Age-Related Reduction in Hippocampal Neuronal Number and Diminished Neurogenesis in Juvenile Cnr1−/− Mice.
To test whether increased neuroinflammation in Cnr1−/− mice is accompanied by a loss of neurons, we compared the number of neurons in the hippocampus, striatum, cingulate, and retrosplenial granular cortex between Cnr1+/+ and Cnr1−/− littermates. In good accordance with our previous data (26), we found an age-dependent reduction in neuronal numbers in the hippocampus (Fig. S3 A and B), but not in other brain areas (Fig. S3C). The genotype difference in the number of principal neurons seemed to increase with age. In the CA1 region, the cell density was reduced by 9.5% in 2-mo-old and by 17.9% in 12-mo-old Cnr1−/− mice compared with Cnr1+/+ mice. The low level of neurogenesis in Cnr1−/− animals (30) could contribute to the reduction of the neuronal numbers in this strain. To test this possibility, we compared neurogenesis between Cnr1+/+ and Cnr1−/− mice by quantifying BrdU-labeled neurons in the dentate gyrus. In the 2-mo-old age group we found 48% fewer BrdU-positive cells in the null mutants, indicating a reduced neurogenesis (Fig. S4). However, 5- and 12-mo-old mice showed a similar low level of neurogenesis, suggesting that the initial genotype difference in neurogenesis disappears with aging. Thus, the difference in neurogenesis does not play a significant role in the age-dependent reduction of neuronal number in animals lacking the CB1 receptor.
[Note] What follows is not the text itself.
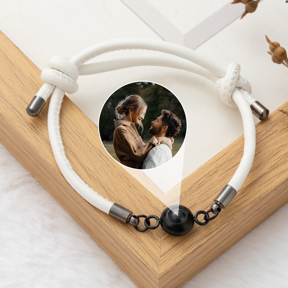 Personalised Photo Projection Leather Bead Bracelet Keepsake Gift For Girlfriend Anniversary Gift For Couple

Age-Related Learning and Memory Deficit in Cnr1−/− Animals in the Water Maze Test.
Because glial activation and neuronal loss were most prominent in the hippocampus, we next asked whether they influence hippocampal function. We therefore tested the performance of Cnr1+/+ and Cnr1−/− littermates in the Morris water maze (MWM) test, a behavioral paradigm that is highly dependent on hippocampal function (31). In the acquisition phase, we assessed the spatial learning and memory abilities of the mice, whereas on the reversal phase, we investigated the flexibility of memory (Fig. S5A). This study revealed that 2-mo-old Cnr1−/− mice have a superior learning ability, because they learned the platform location significantly faster than their WT littermates in both phases of the test (Fig. 2). At the age of 5 mo, Cnr1−/− mice still showed the same performance as their wild-type littermates in the acquisition phase. However, they demonstrated significant deficits in learning a new platform position. Twelve-month-old Cnr1−/− mice showed significantly impaired performances in both phases of the test (Fig. S5B). To further investigate the relationship between the learning deficit and enhanced glial activity, we tested 12-mo-old Cnr1+/+ and Cnr1−/− mice in the Y-maze test. In this model, working memory performance is mostly dependent on the activity of the prefrontal cortex (32), an area largely spared from the neuroinflammatory changes. The ratio of spontaneous alternations, an indicator of working memory strength, did not differ between the genotypes (59.16 ± 1.81 in Cnr1+/+ vs. 57.71 ± 1.24 in Cnr1−/− mice; Fig. S5C).
Neuroinflammation and Neuronal Loss Are Not the Consequence of Epileptic Seizures.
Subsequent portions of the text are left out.